Alexander_Wilke · ‎2022-12-14

Hi,

on ClusterXL environments it is "prefer connectivity" and on 64k R80.20SP scalable plattform I do not have this option in SmartConsole - probably because it is a "Single object" or "standard gateway" and not treated as a typical Cluster. Don't know how 64k works for IPS connectivity if there is a failover in the same chassis (from one SGM to another) or between different Chassis.

Jochen_Hoechner · ‎2022-06-21

Hi, did you try activating the kernel parameter fw_reject_non_syn 1 and perform a failover?

Best,
Jochen

Mark_Shaw · ‎2022-06-21

Hi
No we have not tried this, does this work?

we tried setting the following but still have a few issues

fwconn_smart_conn_reuse=0
fw_reuse_established_conn=2049

Jochen_Hoechner · ‎2022-06-21

It works.
The smart conn reuse is applying for 'active' connections. Especially idle connections do not survive a fail over, because the
chance of an 'aged out' session is high. In this case, sending a TCP-RST instead of DROP or an 'out of state' connection will help.

This kernel parameter is not recommended on Scalable Platform (Maestro and Chassis) gateways.

Best,
Jochen

Mark_Shaw · ‎2022-06-21

We are running Maestro 😥

AaronCP · ‎2022-06-21

Hey @Mark_Shaw,

Did you see any improvement at all? What issues (if any) did it help with and what issues still remain?

AaronCP · ‎2022-07-21

Hey @Mark_Shaw,

I wanted to keep you posted on my progress with this issue.

We took the decision to disable the Smart Connection Reuse feature. Whilst it improved the situation a little, we were still getting the problem. Our engineers went from rebooting multiple servers daily to one or two.

After some further troubleshooting, I found some drops whilst running fw ctl zdebug + drop | grep (IP of NFS server) and I saw drops with the message "SYN on established connection". This led me to SK174323.

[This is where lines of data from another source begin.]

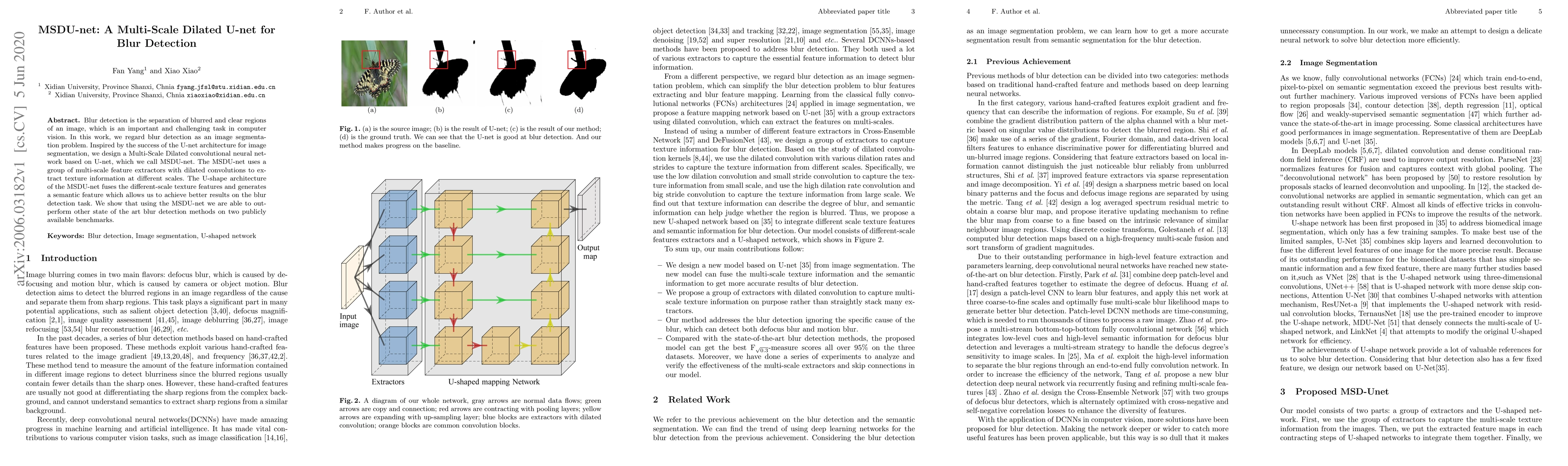 MSDU-net is a Multi-Scale Dilated U-net designed for blur detection in images, treating it as an image segmentation problem. It outperforms other methods by combining multi-scale feature extractors and dilated convolutions to capture texture information at various scales, achieving better blur detection results on benchmark datasets.
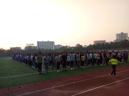 伴随着校园广播优美的音乐,同学们陆陆续续地赶到操场准备做操。6点35左右,各班级同学基本都到达自己班上的指定位置。
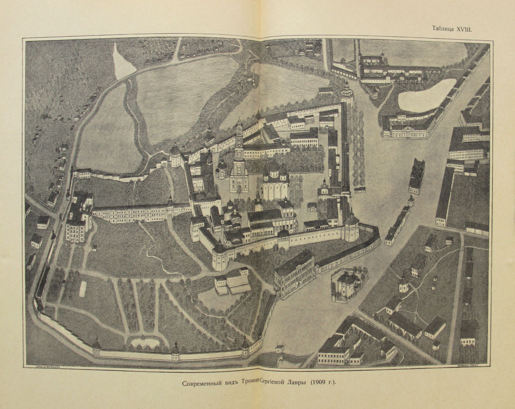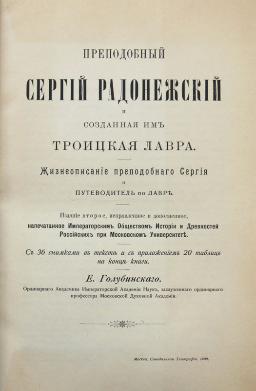 Голубинский Е. Преподобный Сергий Радонежский и созданная им Троицкая Лавра: Жизнеописание преподобнаго Сергия и путеводитель по Лавре. Издание второе, исправленное и дополненное, напечатанное Императорским Обществом Истории и Древностей Российских при Московском Университете. С 36 снимками в тексте и с приложением 20 таблиц на конце книги. М., Синодальная типография, 1909. VI, 424 с., с илл.; 20 л. табл. 26 x 17 см. В современном цельнокожаном переплете с золотым тиснением на корешке и крышках, муаровые форзацы. Сохранена издательская обложка. Отличная сохранность. Страницы 97-108 пронумерованы дважды, далее продолжается правильная пагинация.
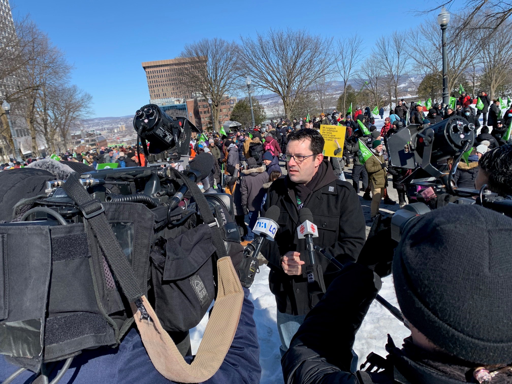 Des centaines de membres du Syndicat de la fonction publique et parapublique du Québec (SFPQ) et du Syndicat de professionnelles et professionnels du gouvernement du Québec (SPGQ) manifestent ce midi aux abords de l’Assemblée nationale afin de réclamer une hausse salariale digne de celle que viennent de s’attribuer les députés.
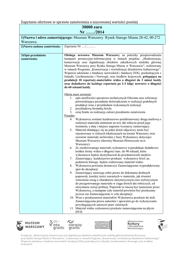 Zapytanie ofertowe w sprawie zamówienia o szacowanej wartości poniżej 30000 euro Nr ……/2014 1)Nazwa i adres zamawiającego: Muzeum Warszawy Rynek Starego Miasta 28-42, 00-272 Warszawa. 2)Nazwa nadana zamówieniu: Zapytanie Nr …./……… 3)Opis przedmiotu zamówienia: Obsługa newsowa Muzeum Warszawy na potrzeby przeprowadzenia kampanii promocyjno-informacyjnej w ramach projektu: „Modernizacja, konserwacja oraz digitalizacja obiektów zabytkowych siedziby głównej Muzeum Warszawy przy Rynku Starego Miasta w Warszawie”, realizowany w ramach Programu „Konserwacja i rewitalizacja dziedzictwa kulturowego”. Wsparcie udzielone z funduszy norweskich i funduszy EOG, pochodzących z Islandii, Liechtensteinu i Norwegii, oraz środków krajowych, polegająca na produkcji 10 reportaży-materiałów wideo o długości do 3 minut każdy oraz dodatkowo do każdego reportażu po 2-3 klipy newsowe o długości do 60 sekund każdy. Oferta musi zawierać: 1. opis możliwości sprzętowo-technicznych Oferenta oraz referencje potwierdzające posiadanie doświadczenia w realizacji podobnych produkcji wraz z przykładami wykonanych realizacji 2. przykładową formatkę briefu 3. cenę brutto za realizację całości przedmiotu zamówienia Ponadto: 4. Wykonawca zostanie każdorazowo poinformowany drogą mailową o realizacji materiału minimum na trzy dni robocze przed jego terminem, a datę i miejsce nagrania wyznaczy zamawiający. 5. Materiał składający się na jeden dzień zdjęciowy może być rejestrowany w różnych lokalizacjach na terenie Warszawy oraz zawierać materiały archiwalne z bazy Wykonawcy dotyczące Muzeum Warszawy (dawniej Muzeum Historyczne m.st. Warszawy). 6. Ze zrealizowanego materiału wykonawca wyprodukuje dodatkowo krótkie formy wideo o długości max. do 90 sekund, które wykonawca będzie dystrybuował do przedstawicieli mediów. 7. Zamawiający każdorazowo przekaże wykonawcy brief, na podstawie którego będzie realizowany materiał wideo. 8. Wykonawca powinien dostarczyć Zamawiającemu wyprodukowany spot do akceptacji. 9. Zamawiający zastrzega sobie prawo do dokonania drobnych poprawek, korekty treści zawartych w materiale, jak również wniesienia uwag o charakterze merytorycznym oraz stylistycznym do przygotowanego materiału w ciągu dwóch dni roboczych, od otrzymania wersji próbnej. Poprawki te muszą być naniesione przez Wykonawcę, a następnie cały materiał powinien być przekazany jeszcze raz Zamawiającemu w celu akceptacji. 10. Wraz z przekazaniem materiałów Wykonawca przekaże do nich Zamawiającemu prawa autorskie i upoważni go do wykonywania przysługujących autorowi praw zależnych. 11. Materiał wideo wykonawca przekaże zamawiającemu na płycie DVD. Projekt pn. „Modernizacja, konserwacja oraz digitalizacja obiektów zabytkowych siedziby głównej Muzeum Warszawy przy Rynku Starego Miasta w Warszawie”, realizowany w ramach Programu „Konserwacja i rewitalizacja dziedzictwa kulturowego”. Wsparcie udzielone z funduszy norweskich i funduszy EOG, pochodzących z Islandii, Liechtensteinu i Norwegii, oraz środków krajowych. 4)Pożądany termin wykonania: 5)Kryteria udziału: 5.1) Wiedza i doświadczenie (referencje): 5.2) Uprawnienia do wykonywania określonej działalności lub czynności: 5.3) Odpowiedni potencjał techniczny: 12. Wykonawca musi mieć możliwość dystrybuowania przygotowanych dla Muzeum materiałów na platformie cyfrowej zapewniającej publikację materiałów wideo na stronach internetowych Od momentu podpisania umowy do końca kwietnia 2016 r. Minimum trzy nagrane na płytę DVD materiały, nakręcone w ciągu ostatnich trzech lat potwierdzające spełnienie kryterium wyboru zgodnie z treścią pkt 7) zapytania ofertowego dot. punktacji przyznawanej za dotychczasowy dorobek nie dotyczy odpowiedni sprzęt audio-video i studio nagraniowe 5.4) Dysponowanie osobami zdolnymi do wykonania zamówienia: 5.5) Sytuacja ekonomicznej i finansowania nie dotyczy 6) Kryteria oceny ofert: - Koszt produkcji reportaży – 70% 7) Miejsce i forma składania ofert: 8) Termin składania ofert: - Dotychczasowy dorobek oferenta w realizacji krótkich filmów dla instytucji kultury, w tym w ramach wydarzeń z dziedziny kultury i sztuki –30% W siedzibie w godzinach pracy Muzeum lub e-mail: [email protected] Do dnia 26.03.2015 r. 9) Osoba do kontaktu ze strony zamawiającego: Aleksandra Derc-Jasińska tel.: 22 596 67 60 1. 2. 3. 4. nie dotyczy Muzeum Warszawy w przypadku zaakceptowania zakupu przez kierownika jednostki i zagwarantowania finansowania realizacji zamówienia, spośród prawidłowo zgłoszonych kandydatur wybierze podmiot, któremu powierzy realizację zamówienia. Muzeum Warszawy zastrzega sobie prawo kontaktu jedynie z wybranymi podmiotami. Niniejsze ogłoszenie nie stanowi oferty w rozumieniu kodeksu cywilnego i nie może stanowić podstawy do wysuwania roszczeń względem Muzeum Warszawy Muzeum nie ponosi kosztów sporządzenia oferty. Projekt pn. „Modernizacja, konserwacja oraz digitalizacja obiektów zabytkowych siedziby głównej Muzeum Warszawy przy Rynku Starego Miasta w Warszawie”, realizowany w ramach Programu „Konserwacja i rewitalizacja dziedzictwa kulturowego”. Wsparcie udzielone z funduszy norweskich i funduszy EOG, pochodzących z Islandii, Liechtensteinu i Norwegii, oraz środków krajowych. ....................................................... Zamawiający: Muzeum Warszawy ul. Rynek Starego Miasta 28-42, 00-272 Warszawa ( miejscowość, data ) Nazwa i adres zgłaszającego Nr telefonu: ……………………… Nr fax:……………………………. Osoba do kontaktu: ……………… (pieczątka) FORMULARZ OFERTOWY Oferujemy wykonanie produkcji 10 reportaży-materiałów wideo o długości do 3 minut każdy oraz dodatkowo do każdego reportażu po 2-3 klipy newsowe o długości do 60 sekund każdy, zgodnie z opisem przedmiotu zamówienia i na warunkach zawartych w zapytaniu ofer

I followed the instructions in the SK (a maintenance window is required) and we've not had a single Linux VM reboot in the past 3 evenings! It may be too early to tell if this has resolved the issue, but I will provide further updates in the coming weeks.

FYI - this is the syntax I used in the user.def.FW1 file on the SMS:

deffunc allow_syn_estab_count_rst() { ((dst = x.x.x.x) and (dport = 2049)) };

Hope this information is of use to you 😊

Vladimir · ‎2022-07-21

Huh... Interesting. Do you think it is a problem of specific NFS implementation?